Hoofdstuk 24: Het monster onder je bed

127 19 5
                                    

We blijven muisstil en doodsbang onder het bed liggen terwijl we horen hoe koning Tom van Ljord rustig wakker word. Hoe gaan we hier ooit  in vredesnaam uitkomen?! We worden simpel gezegd gewoon onbewust gegijzeld hier!

Ik ben echt verschrikkelijk jaloers op Tom nu. Ik kan zijn ontbijt zelfs hier onder het bed ruiken en ik kan je vertellen dat dat ongelooflijk smakelijk is met de pannenkoeken en verse aardbeienkwark!

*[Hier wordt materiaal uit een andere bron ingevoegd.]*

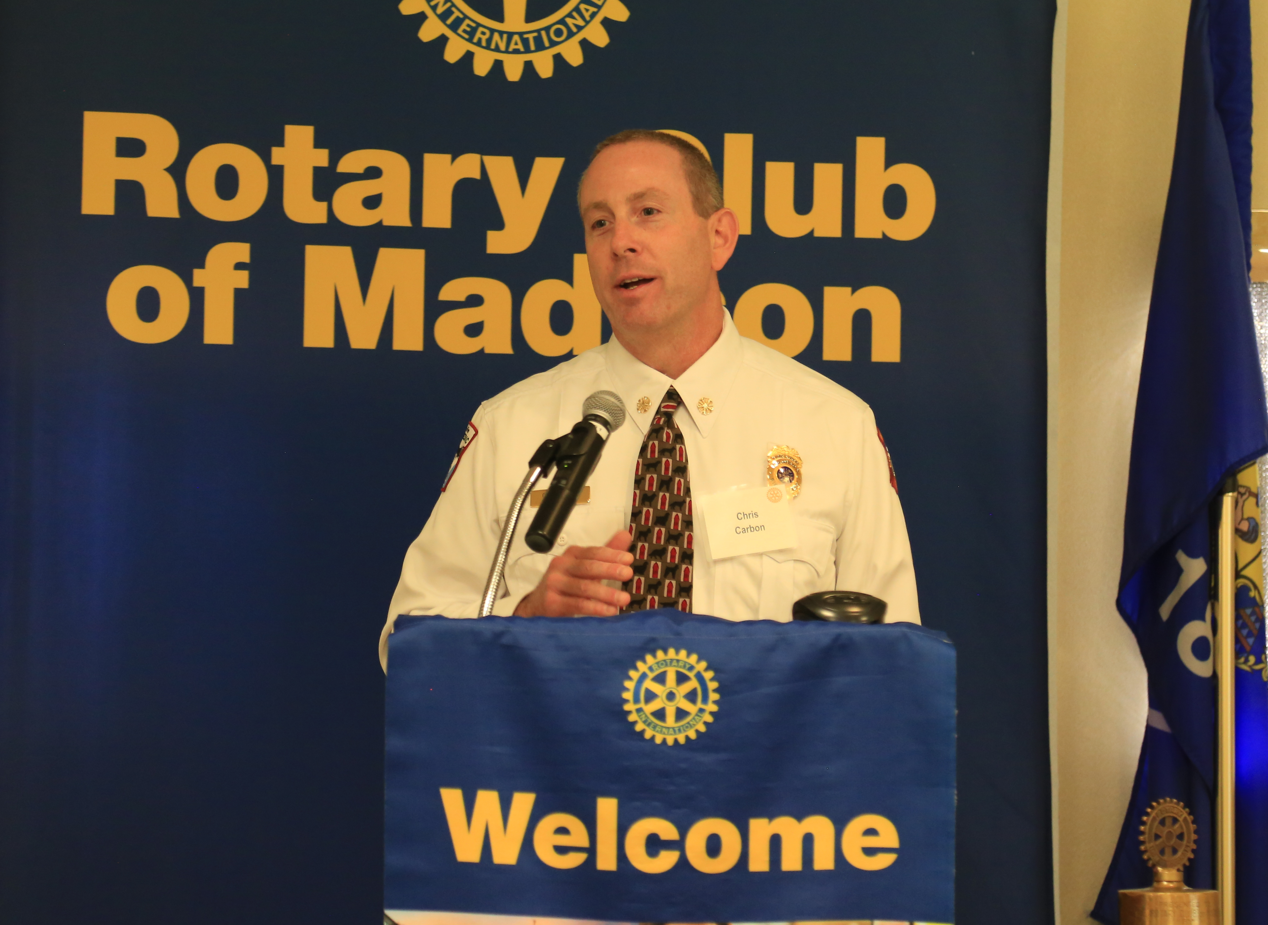 Our speaker on August 31 was Chief of the Madison Fire Department Chris Carbon. (His grandfather, Max Carbon, was, for many years, a member of our club.) He offered a general overview of the Department, noting that there are 35,000 requests for service every year; the vast majority of which are not to put out fires. The department has many special-service teams to handle the different kinds of service people require. He emphasized two. The Community Paramedic Program aims to identify peoples’ needs and to build relationships with the public. There is a partnership with UW Health and Meriter. One of the primary goals is to reduce return visits to the ER and enable greater independence of patients.
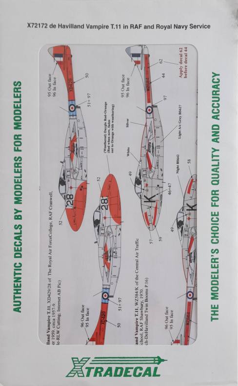 DISCOUNT DECALS  5069 X72172 de Havilland Vampire T.11 in RAF and Royal Navy Service  Xtradecal  Discount Decals
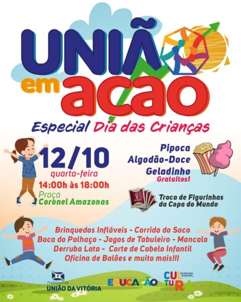 O evento organizado pela Administração Municipal, Secretarias Municipais de Cultura e Educação, vai levar diversas atrações, brincadeiras e diversão para as crianças de União da Vitória e região.
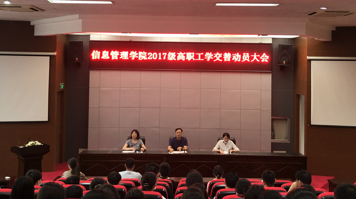 信息管理学院于2021年6月10日中午12:30在学校学术报告厅召开2017级高职工学交替动员大会。学院院长郑智飞、副院长蒋红梅、2017级全体高职生和辅导员以及综合办、学工办、各教研室主任老师们参加了动员会。
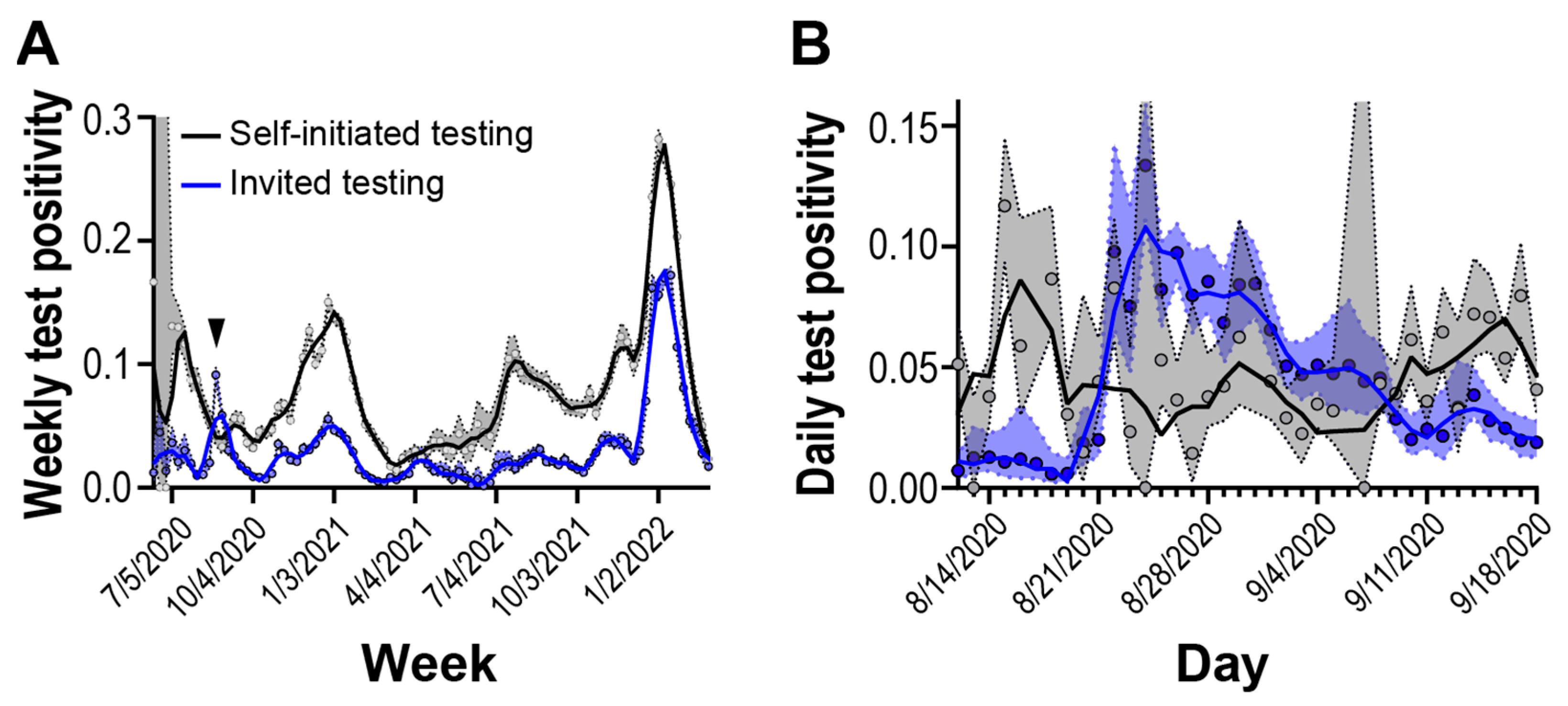 Figure 3. Test positivity rate of self-initiated and invited testing cohorts. Solid lines are 2nd order smoothing functions across 3 neighbor data points. Blue and gray shaded regions reflect 95% confidence intervals. (A) Weekly test positivity during the surveillance period. Arrow shows outbreak period. (B) Daily test positivity around outbreak period.
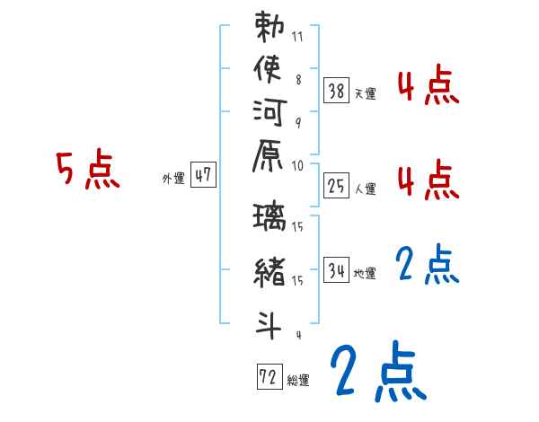 総運![]() | 勅使河原璃緒斗さんの総運は72画の2つ星!災難が多く不安定な生活にならないように注意。明暗のある人生かも。 あなたの人生を表す1番重要な運勢です。生涯を通じて影響する総合運となり、主に50歳以降の晩年期に影響を及ぼします。 |
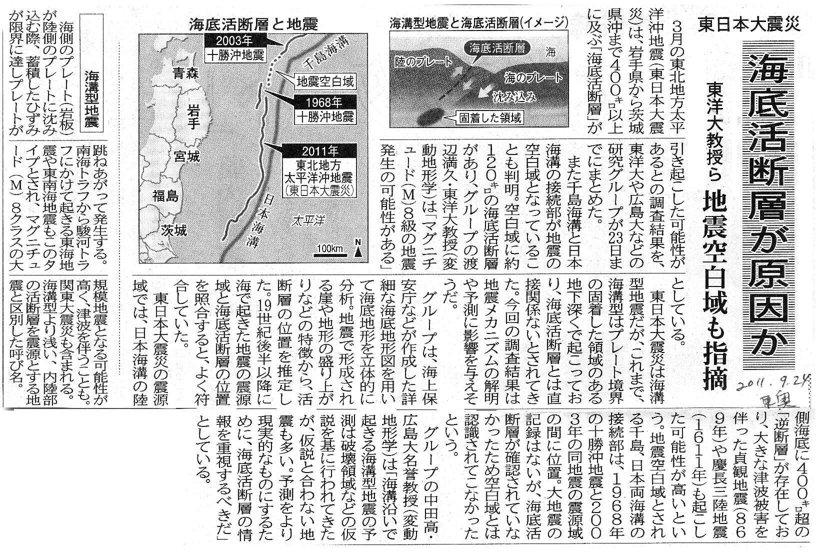 | [2011_09_24_01]東日本大震災 海底活断層が原因か 東洋大教授ら 地震空白域も指摘(東奥日報2011年9月24日) |
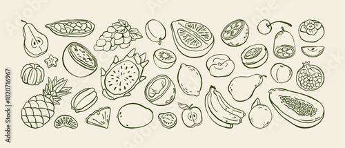 © Paper Trident, Fototapeta premium Doodle exotic fruit. Different tropical food: fresh oranges, lemons, apples and bananas. Organic pineapple, natural berries and grape. Hand drawn isolated vector illustrations on white background
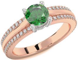 Diamond Emerald Platinum & Rose Gold Round Solitaire Engagement Ring
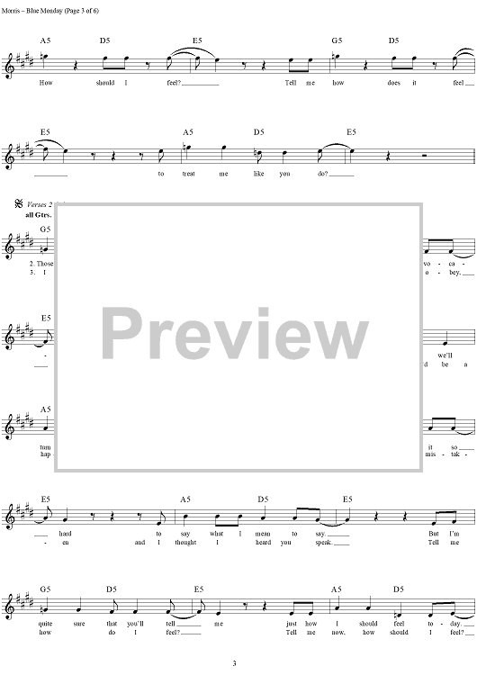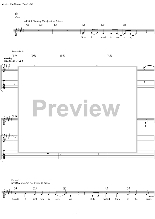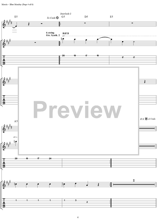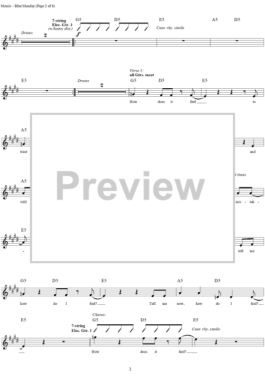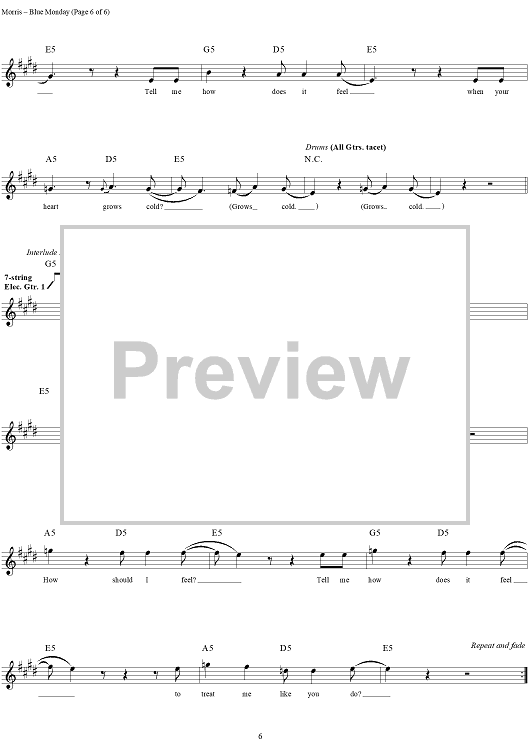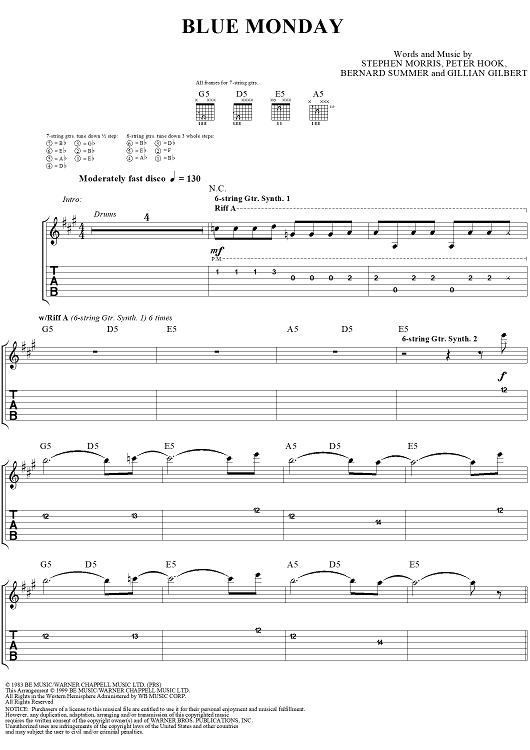 Digital Sheet Music for Blue Monday by New Order, Stephen Morris, Peter Hook, Gillian Gilbert, Orgy, Bernard Summer scored for Guitar Tab/Vocal; id:186249
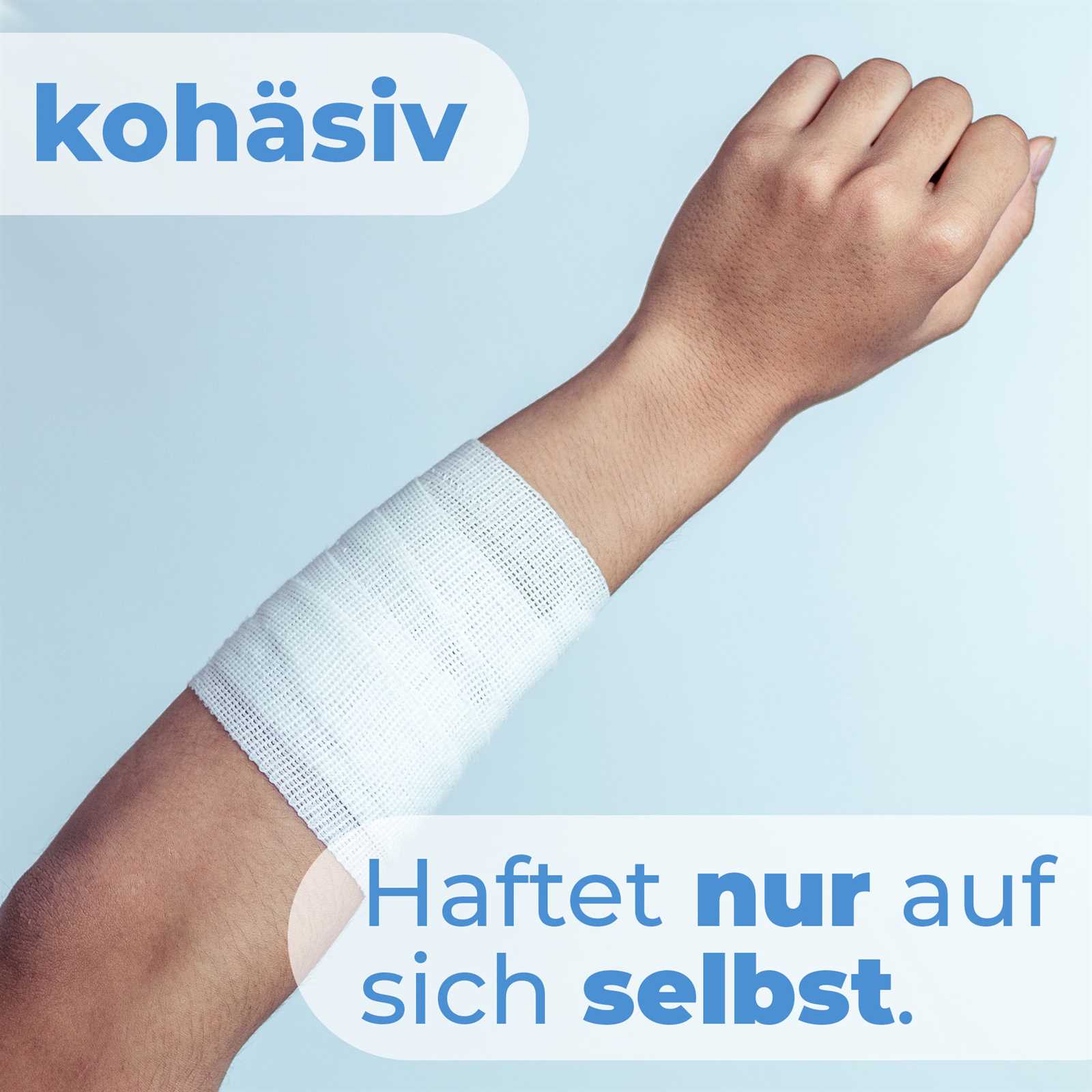 Die kohäsive Haftbinde 8cm breit ist eine Binde die auf sich selbst haftet (kohäsiv).

Het lijkt voor ons wel uren te duren voordat hij eindelijk klaar is met zijn verrukkelijke ontbijt op deze zondag in Ljord. "Bedankt! Het was weer heerlijk zoals altijd! Je bent vrij om te gaan!" Zegt hij blij. De slijmbal.

We horen hoe het dienstmeisje de kamer met het karretje verlaat en beiden kijken we elkaar ongeduldig aan: voor hoe lang moeten we hier nog blijven zitten? Tom stapt zijn bed uit volgens mij trekt hij nu wat andere kleren aan.

Dan komt er opeens iemand binnenstormen, volgens mij als Tom net de kamer wilt verlaten. "Koning! We hebben een Kantaan gevangen genomen, alleen beweerd hij dat hij Jenavaans is!"

Godverdomme. Ik ben nu echt kwaad. Beter blijven ze allemaal met hun smerige tengels van Maan af. Hoe weten ze überhaupt dat Maan Kantaans is? Hij kan namelijk makkelijk doen of als hij Jenavaans is met zijn half-Empire huid.

"Ik kom er gelijk aan. We gaan die smerige bosjesman nog een lesje leren. Ik heb een hekel aan dat stink volk-" Ik kook van woede, worstel me uit Diana's greep die me in bedwang probeert te houden en kruip onder het bed vandaan. Ik storm kwaad op Tom af en mijn linkervuist komt recht in zijn voorhoofd. Hij valt achterover en Diana, die inmiddels ook onder het bed vandaan gekomen is, sleurt me mee en begint te sprinten.

We rennen zo hard als we kunnen. "Verdomme Bart! Kon je dan niet heel even gewoon jezelf in bedwang houden?!" Snauwt ze en ik frons. "Ja wat had je dan verwacht?! Niemand praat zo over mijn volk!"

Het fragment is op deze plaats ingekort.